Наконец, группу «Оплакивание Христа» Pieta Бартоломмео так же, как это делали лучшие люди его времени, трактовал со всем благородством сдержанного выражения (картина в палаццо Питти). Плач негромок. Мягкая встреча двух профилей, мать, поднявшая мертвую руку и наклонившаяся для последнего поцелуя в лоб, — вот и все. Христос без малейшего следа всего того, что претерпел. Голова держится в положении, которого не может быть у трупа, чем делается уступка идеальному пониманию. Голова Магдалины, бросившейся в страстном порыве к ногам Господа, остается почти невидимой; к выражению же Иоанна, несомненно трагическому, по примечанию Якова Буркхардта, примешаны следы напряжения, вызванного тяжелой ношей[78]. Таким образом, настроения в картине сильно дифференцированы, и параллелизм выражений, который встречается у Перуджино, заменен сплошными контрастами, взаимно возвышающими друг друга. Подобная же экономия господствует и в физических движениях. Впрочем, теперь в композиции недостает двух фигур: первоначально виднелись еще Петр и Павел. Их следует, во всяком случае, представлять склонившимися над Магдалиной, безобразный силуэт которой тем самым оказывался смягченным[79]. Благодаря отсутствию этих фигур, ударение целого передвинулось. Хотя в этой картине соблюдается не симметричное разделение масс, а лишь свободно-ритмическое, но три головы безусловно требуют себе противовеса. Несомненно, фальшиво позднейшее присоединение крестного древка, находящегося посередине картины: именно это место должно остаться неподчеркнутым.

Бартоломмео своей линией производит еще более сдержанное и торжественное впечатление, чем Перуджино, который выглядел таким молчаливым среди своих современников. Большие параллельные горизонтали у переднего края служат лишь выражением для всего рельефно-простого согласования фигур с двумя доминирующими профилями. Бартоломмео, очевидно, чувствовал все благотворное действие умиротворенного таким образом явления. Он достигает и другим путем такого же успокаивающего впечатления, делая группу низкой: из треугольника Перуджино вышла тупоугольная группа незначительной высоты. Быть может, широкий формат был выбран именно с этим намерением.

Бартоломмео, вероятно, еще долго продолжал работать и спокойной рукой облекать весь ряд христианских тем в их классические формы. Его рисунки создают впечатление, будто его фантазия быстро воспламеняется отчетливыми образными представлениями. С полнейшей уверенностью владел он законами эффекта.
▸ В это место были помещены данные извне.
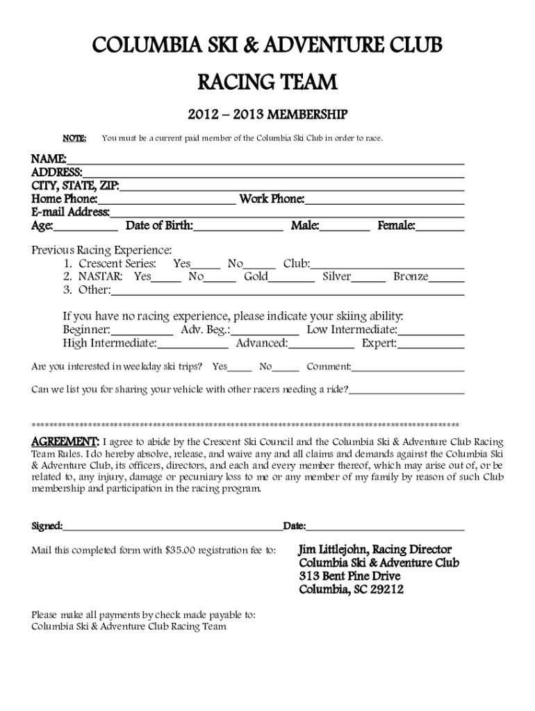 COLUMBIA SKI & ADVENTURE CLUB RACING TEAM 2012 2013 MEMBERSHIP NOTE:You must be a current paid member of the Columbia Ski Club in order to race.NAME: ADDRESS: CITY, STATE, ZIP: Home Phone: Email Address:
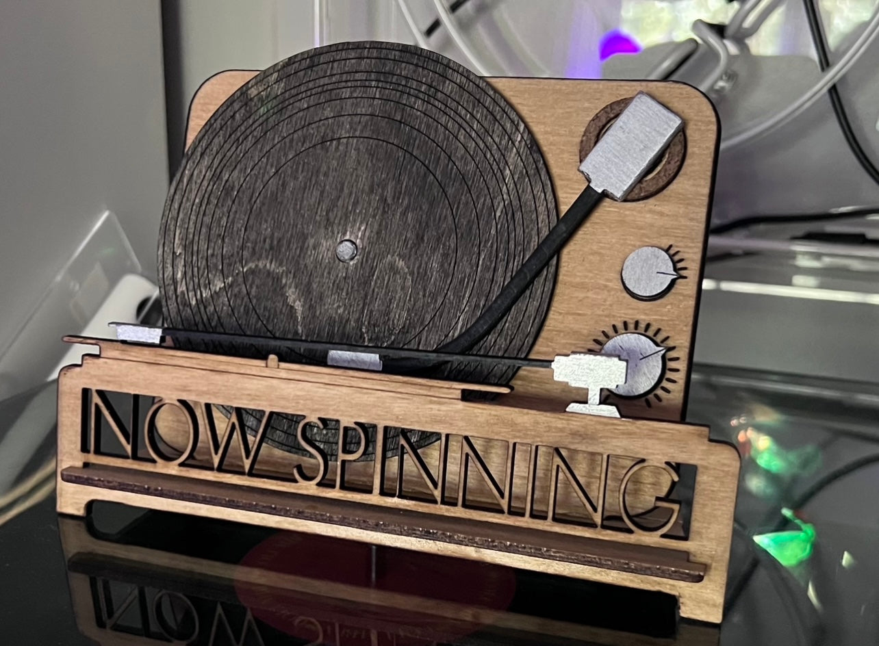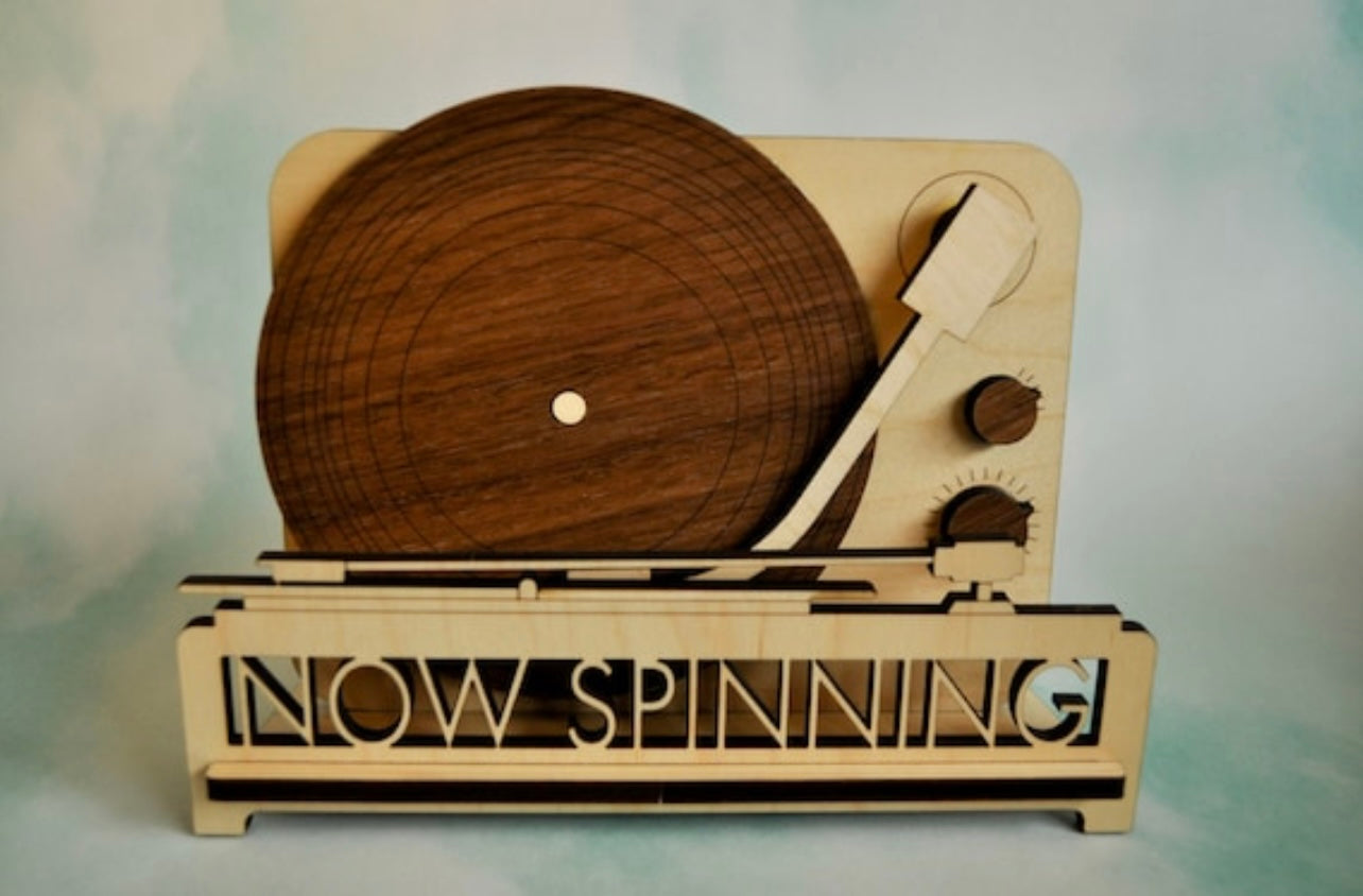"Now Spinning" record player album display stand. Provides a decorative solution to displaying the sleeve of your currently playing or favorite album. Made of 1/4” birch finished plywood.

Но эффект никогда не обусловливается у него в конечном пункте примененным правилом, а только личностью, которая сама создает себе свои правила.
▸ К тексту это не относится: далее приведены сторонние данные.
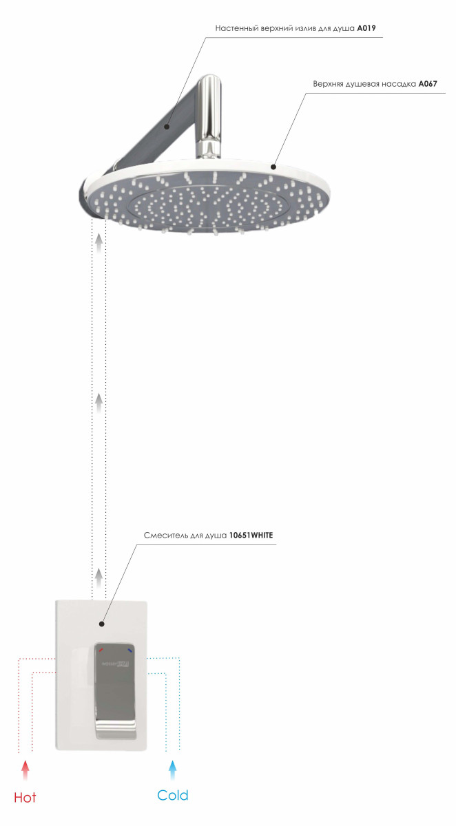 Оснащение Смеситель для душа Aller 10651WHITE, Верхняя душевая насадка A067, Верхний излив для душа A019
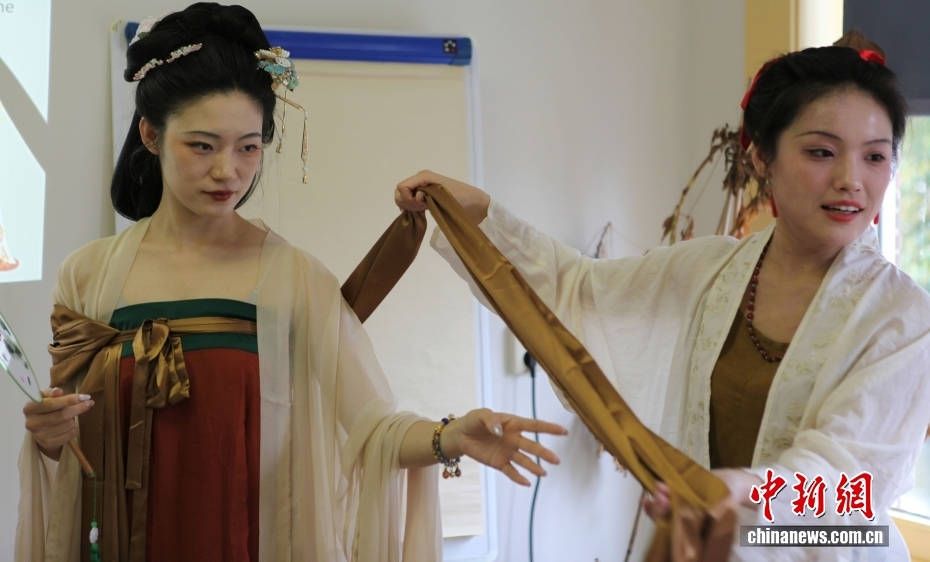 荷兰汉服社成员向听众讲解所穿的汉服。(图片来源:中新网)
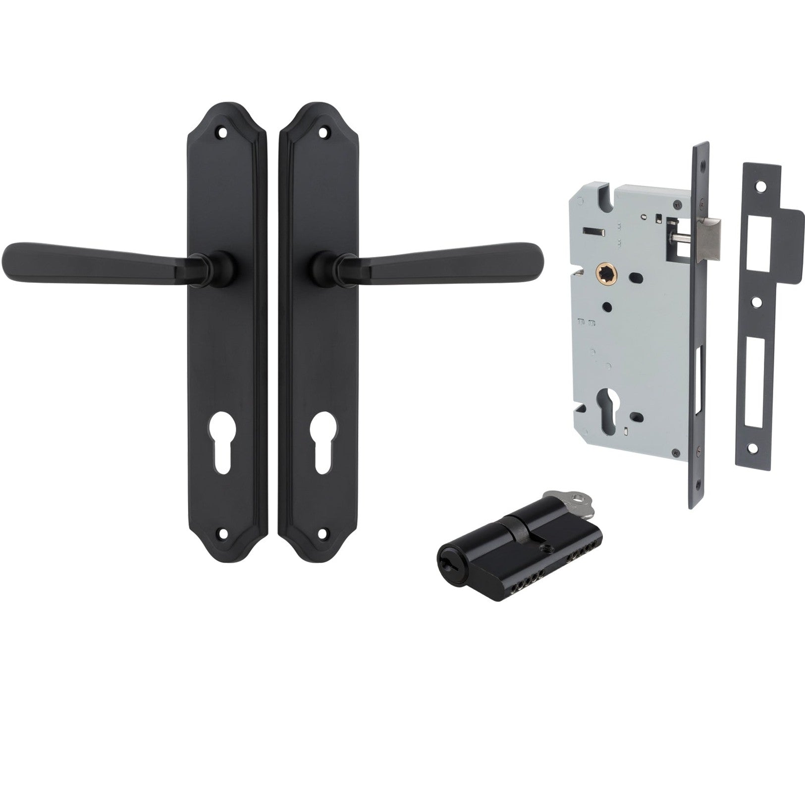 Included in Kit: Door Lever Copenhagen Shouldered Euro Pair Matt Black CTC85mm H250xW48xP61mm Entrance Kit, Mortice Lock Euro Matt Black CTC85mm Backset 60mm, Euro Cylinder Dual Function 5 Pin Matt Black L65mm KA1
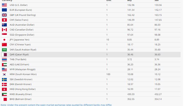यस्तै कतारी रियालको मूल्य एकको खरिद दर ३६ रुपैयाँ ४६ पैसा र बिक्री दर ३६ रुपैयाँ ६३ पैसा र क्यानाडियन डलर एकको खरिद दर ९६ रुपैया ७२ पैसा रहेको छ भने विक्री दर ९७ रुपैयाँ १६ पैसा रहेको राष्ट् बैंकले जनाएको छ ।
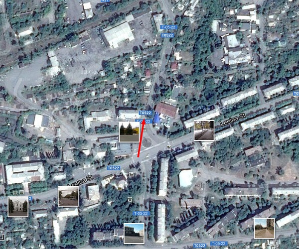 2) Lugansk is a long ways from Snezhnoye. In fact, the main body of the Ukrainian military anti-terror operation is south of Lugansk. These tanks would have to travel through, or around, the Ukrainian military front lines. It’s also important to note that in the video that we have geolocated the tank is traveling north — toward Lugansk. If the vehicle traveled from Lugansk to this area of Ukraine, it may have traveled across the Russian border and to the border in Ukraine’s southeast corner.
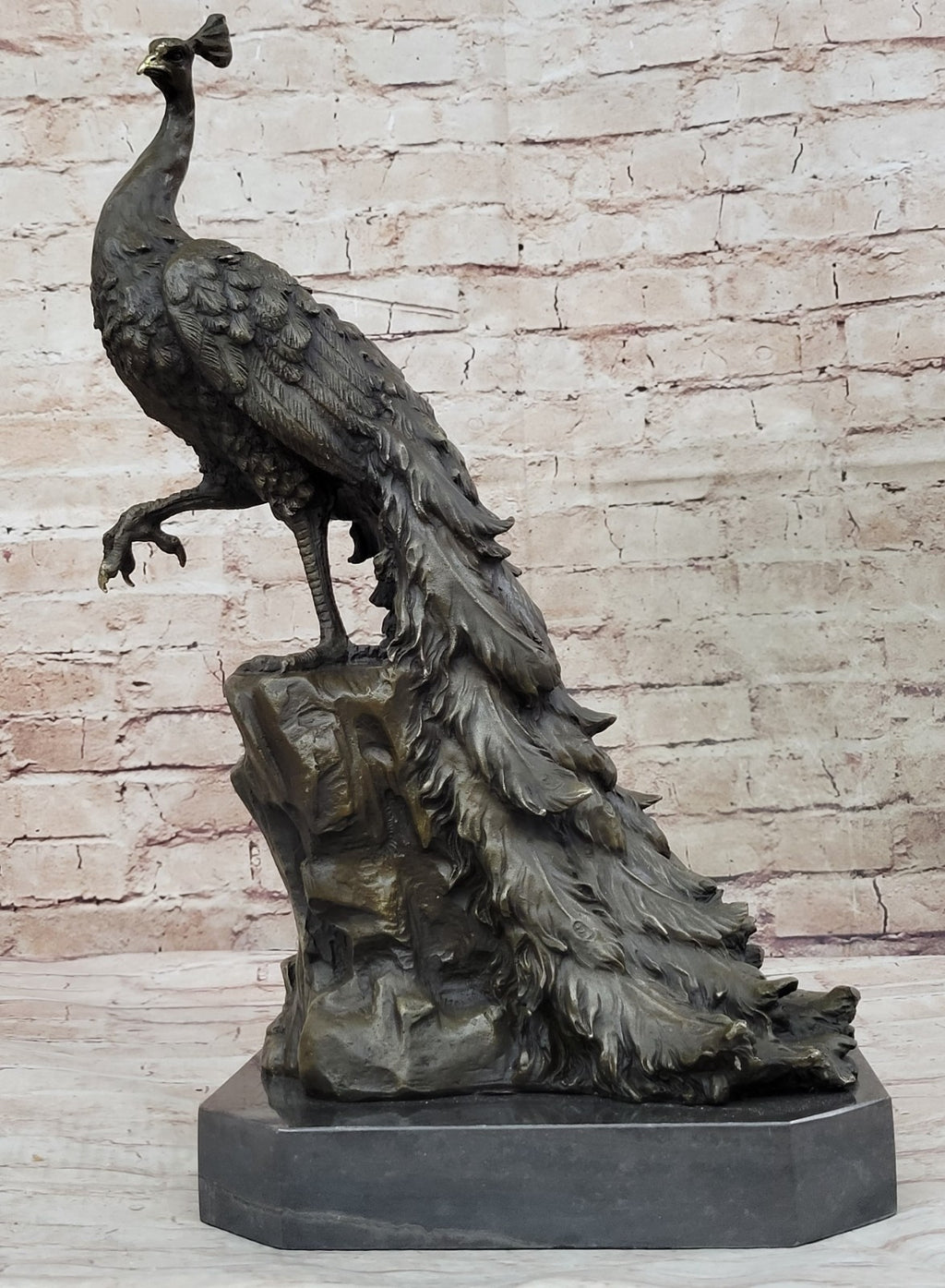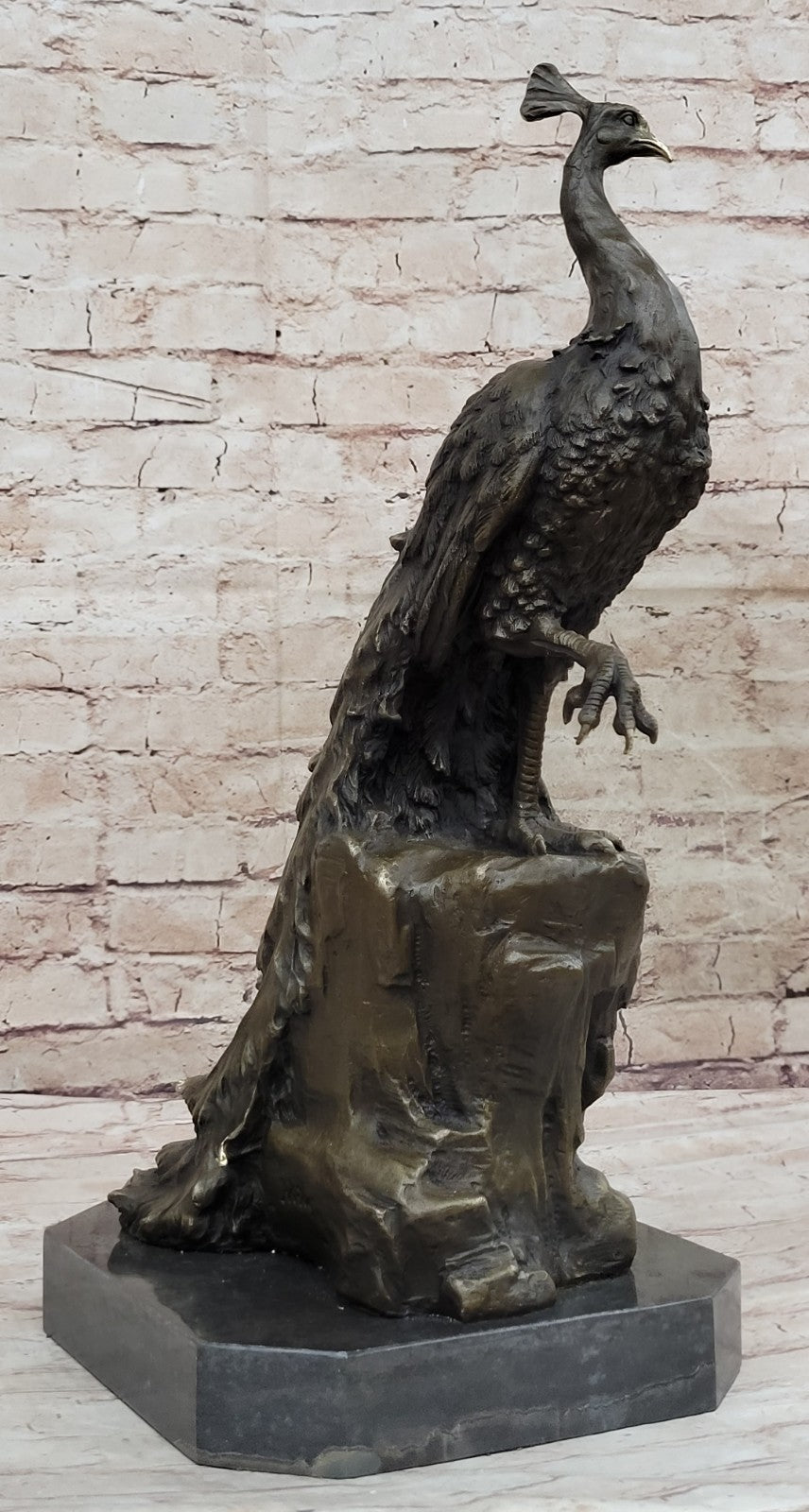 The peacock's majestic tail, adorned with an intricate paisley pattern of feathers, is elegantly raised, displaying its breathtaking beauty. Hand-polished to achieve a rich dark green finish, the peacock's body emanates dignity and grace. Every aspect of this bronze statue is meticulously crafted, preserving the essence of the peacock's natural elegance.

Как мало можно было путем выучки вынести из его мастерской, показывает пример Альбертинелли, принадлежавшего к числу людей, постоянно общавшихся с ним.
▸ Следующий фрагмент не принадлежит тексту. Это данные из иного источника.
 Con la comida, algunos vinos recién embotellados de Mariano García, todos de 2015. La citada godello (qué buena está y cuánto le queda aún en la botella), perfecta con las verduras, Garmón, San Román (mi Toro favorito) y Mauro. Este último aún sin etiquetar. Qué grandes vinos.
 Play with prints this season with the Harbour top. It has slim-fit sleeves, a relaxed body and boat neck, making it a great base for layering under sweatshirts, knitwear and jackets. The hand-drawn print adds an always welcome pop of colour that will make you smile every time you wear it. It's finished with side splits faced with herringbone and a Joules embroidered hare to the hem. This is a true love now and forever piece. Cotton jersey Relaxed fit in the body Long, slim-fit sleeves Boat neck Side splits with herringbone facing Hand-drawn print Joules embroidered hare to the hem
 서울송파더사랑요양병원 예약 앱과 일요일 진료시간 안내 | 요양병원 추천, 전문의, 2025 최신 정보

Мариотто Альбертинелли (1474–1515) назван Вазари «un altro Bartolommeo»[80]. Действительно, он долго был сотрудником последнего, но в сущности является совершенно иным по натуре. Ему прежде всего не хватает убежденности Бартоломмео. Он очень одарен и подхватывает на лету проблемы, но не доводит их до последовательного развития и время от времени даже совершенно откладывает в сторону живопись, чтобы превращаться в содержателя таверны.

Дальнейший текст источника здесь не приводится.